“在下?”林衡蹙眉,心说谁人叫人会连个谦称也一并并入名姓。
“不对吗?”巫行野理直气壮,“你连名带姓叫我,我不连名带姓叫回去,岂不亏了?”
“……”林衡忍了好一会,才咬牙四个字,“没有在下!”
巫行野摩挲着下巴:“我道怎会有人叫这般古怪的名字。”顿了顿明知故犯,“那你唤我作甚?在下,林,衡?”
“你!”
哇哇哇!
林间腾起一群乌泱墨羽,渡灵鸦群聒噪得从两人上空掠过,似乎在奔赴某场“筵席”。
林衡被此番动静惊得抬起头,手中的符咒燃尽只余脚边一堆线状的炭痕。
巫行野不再逗他,探身伸手道:“欸!你说是它们谁死了?”
林衡拽住巫行野的胳膊,愣了一下,他对那破腹而出的血盆大口仍心有余悸,但缠斗到那种地步想必两者都无法善终。
“应当两败俱伤吧。”
巫行野将人拽出,听到这番回答,转头望向林间噪动的鸦雀:“两败俱伤吗?”
“你说要是当只鸟多好,想飞到哪就到哪,饿了随便找点东西就能填饱肚子…”
“天生万物相克相生,有利必有其弊。”林衡望着林叶间的一线天。
巫行野收回目光,转投在身边这似乎下一秒就要得道飞升的“泥巴人”,疑惑道:“外边的人都像你这样?”
林衡问:“什么样?”
巫行野偏开眼,将手枕在脑后:“神神叨叨,不知所云。”
林衡却冲着巫行野哈哈一笑:“那书上说的。”
“……”
巫行野觉着无趣撂下话头,背过身似乎在辨别方向。
林衡这才看清他后背狰狞的伤疤,蜿蜒似一条两尺来长的血色蜈蚣趴,暗色斑驳,溃烂化脓,伤口周围有几点白色的卵簇,似是蝇卵。
说实话,气味不可言表。
林衡周身不知从何而来伤痕亦是可怖,但在药丹的作用下伤口已经止住了血,经由一番处理开始缓慢结痂,相比巫行野自然好上不少。

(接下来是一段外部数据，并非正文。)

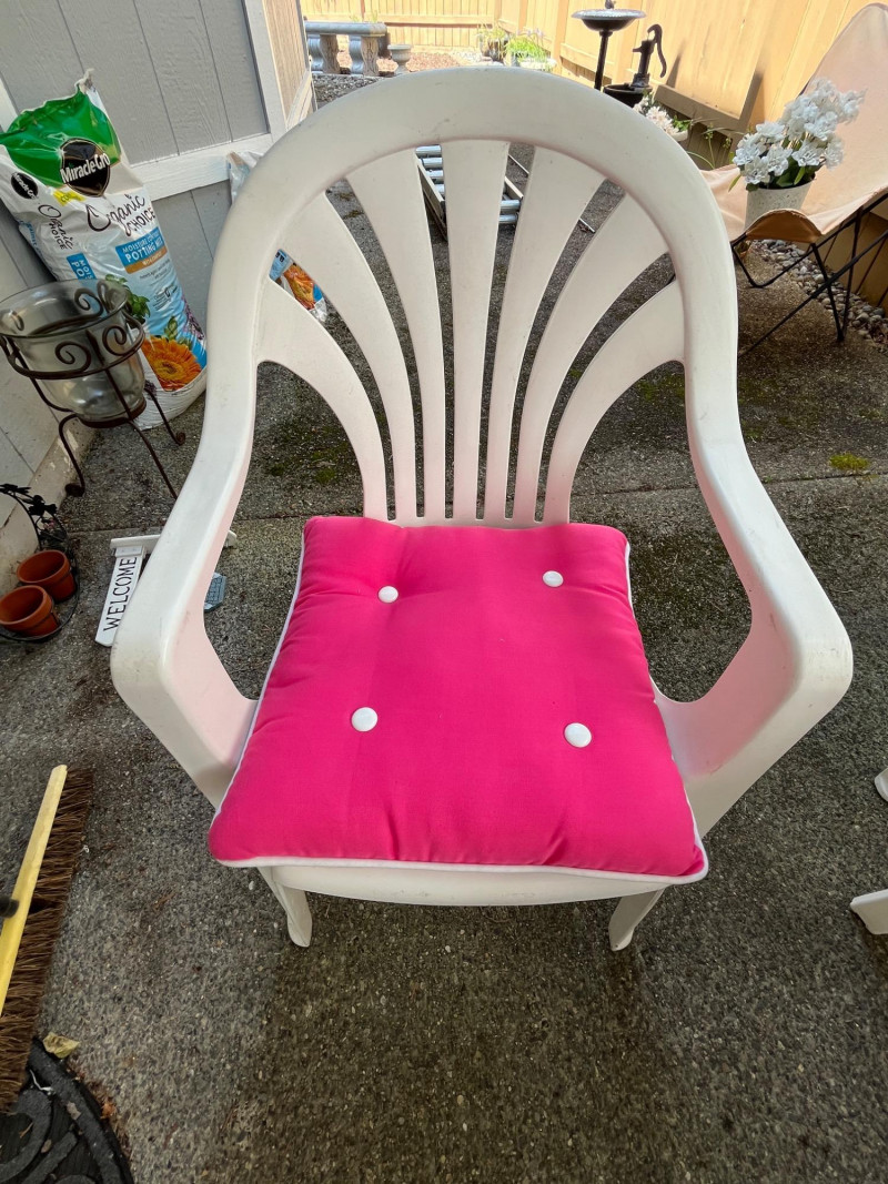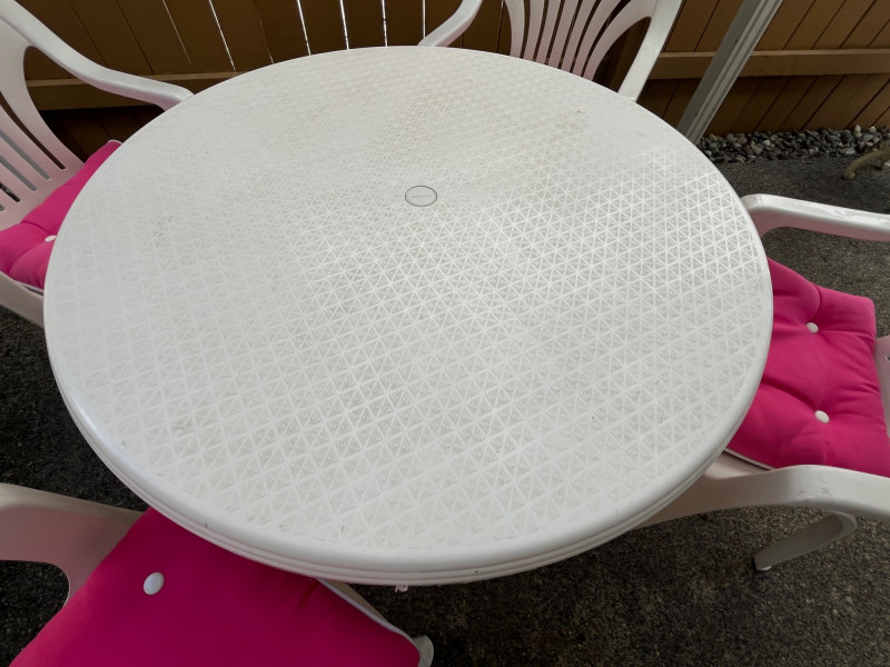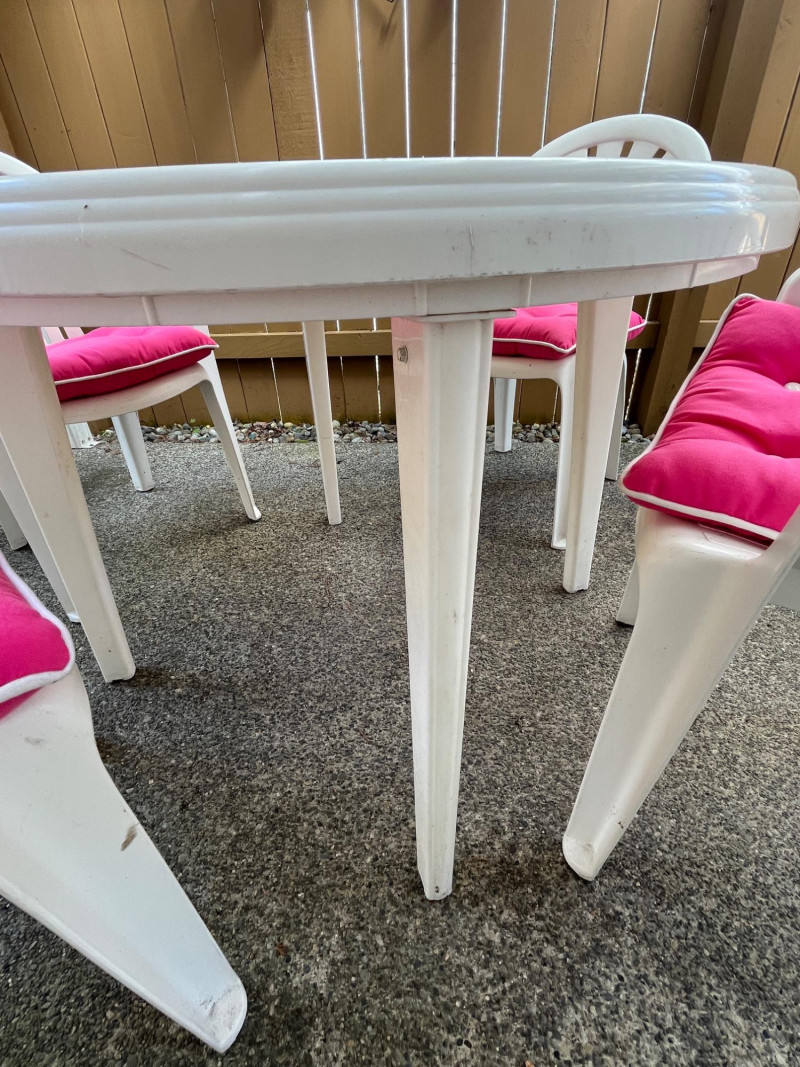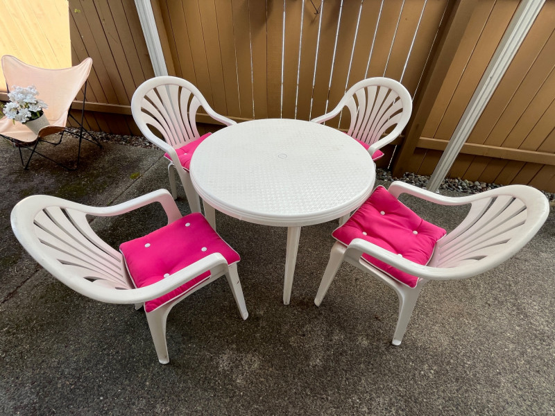 Lightweight/Sturdy Plastic Outdoor Dining Set Pink Cushions For Chairs Included 38" Table Diameter

他思索片刻,拍拍巫行野肩膀递了粒浑圆的药丸:“这个给你,内服愈伤。”
“多谢。”巫行野回头也不客气,将药丸收入囊中。
“你在此间待了许久?”林衡随手摸出段干药草,放在嘴里嚼。
“那是自然!”巫行野话音中带着些许骄傲,随手捞起腰侧坠着的麻绳,提溜到林衡眼前晃荡,似是炫耀般。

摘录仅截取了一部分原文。